However, is the resultant fly a bead head nymph? That doesn't seem to quite capture it - especially when the original wet fly might have had a peacock herl head (and the associated blunt-faced profile). 

Similarly, adding split-thread cdc soft hackles to quill-bodied bead-head nymphs achieves a similar fishing function; but doesn't feel like it changes that nymph into a wet fly.

The crossover doesn't stop with fly tying, it is also present in rigging up...
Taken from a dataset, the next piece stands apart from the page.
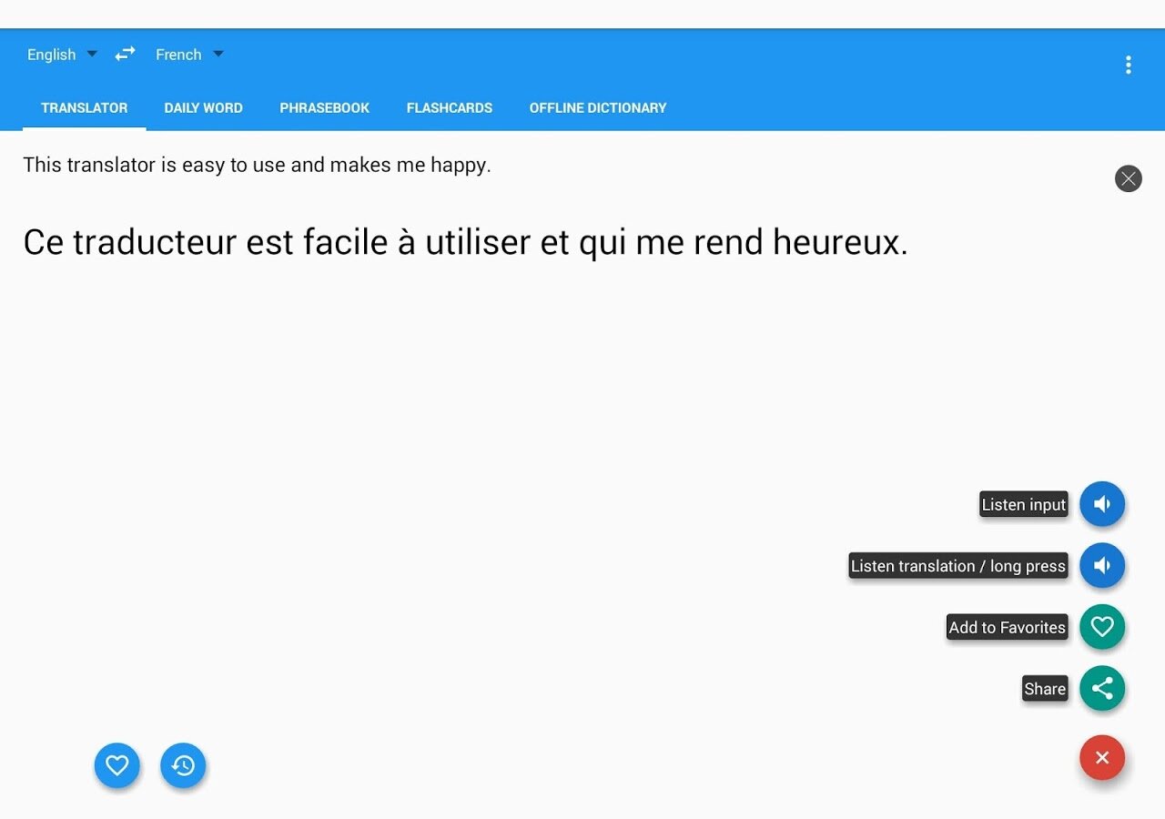 Говорящий Переводчик/Словарь — это программа для перевода русских слов на французский, и наоборот. Никогда не знаешь, когда придется столкнуться с французским языком, особенно если Вы проводите много времени в путешествиях или туризме. Большой набор словарей и фраз порадует каждого путешественника. Не требует подключения к Интернету, может переводить e-mail сообщения, смс, аудио.
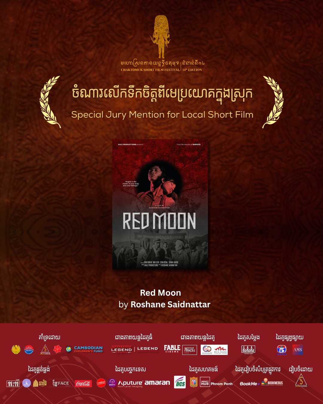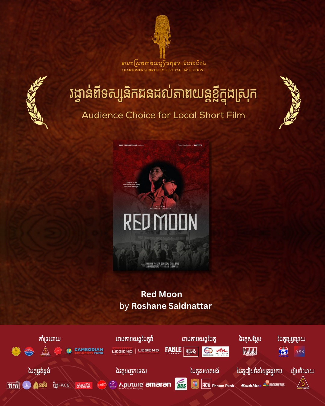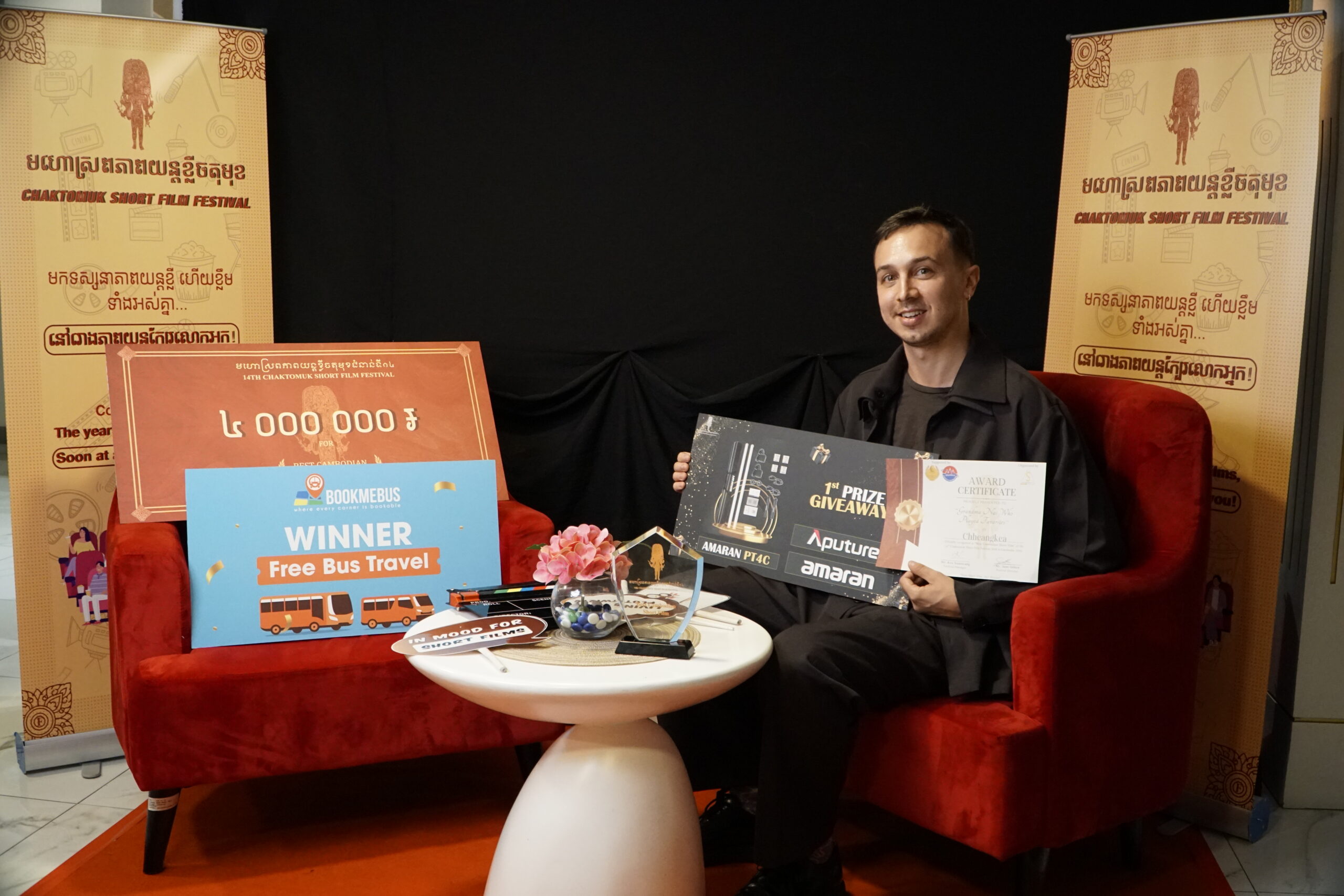 ពានរង្វាន់ភាពយន្តខ្លីខ្មែរល្អបំផុត (Winner) ៖ រឿង «ចៅសំណព្វចិត្ត» ឬ Grandma Nai who played favourite ដែលខ្សែរឿងមួយនេះត្រូវបានផលិតឡើងទាក់ទិនទៅនឹងជំនាន់។ រីឯភាពយន្តខ្លីខ្មែរល្អបំផុតលេខ២ បានទៅលើ រឿង«គ្រាំចិត្ត» ឬ HEARTACHE និងចុងក្រោយពានរង្វាន់ គណៈកម្មការ (jury mentioned award) និងពានរង្វាន់ជម្រើសទស្សនិកជន (Audience choice award) បានទៅលើ រឿង «ព្រះចន្ទក្រហម» ឬRED MOON ។

Wet Flies vs Nymphs Rigs & Tactics

In the cold early spring season when anglers are trying out their traditional wet fly tactics on rain fed rivers in the hope of an early olive mayfly hatch, you now have the option of tying a bead head pheasant tail nymph (for instance) on the point-fly position - to sit the rig down in the cold water; while arming two droppers with traditional soft hackle wet flies.

Similarly, to get over the suspicious rigid/lifeless profile of some nymphs (particularly in slower water), you now have the option of adding a traditional wet fly in between two weighted nymphs, fished on modern Euro nymphing leader setups.

Nearly the exact same principle can be used on buzzer fishing rigs, where the modern nymphs are used to set the depth - then one or more of the droppers can carry a slim, mobile-hackled wet fly pattern for extra life and attraction.

When you then start to mix and match those hybrid tactics with the hybrid fly patterns - you quickly open up a lot of highly effective and adaptable approaches. Perhaps the continuing blurring of the fly patterns and tactics might soon make the question of wet flies vs nymphs redundant? While I don't imagine we'll start calling everything a wet fly (the different sub-categories are too useful when describing specific tactics); it would be good for us to be more comfortable with sliding easily between the different functional applications of different flies and rigs.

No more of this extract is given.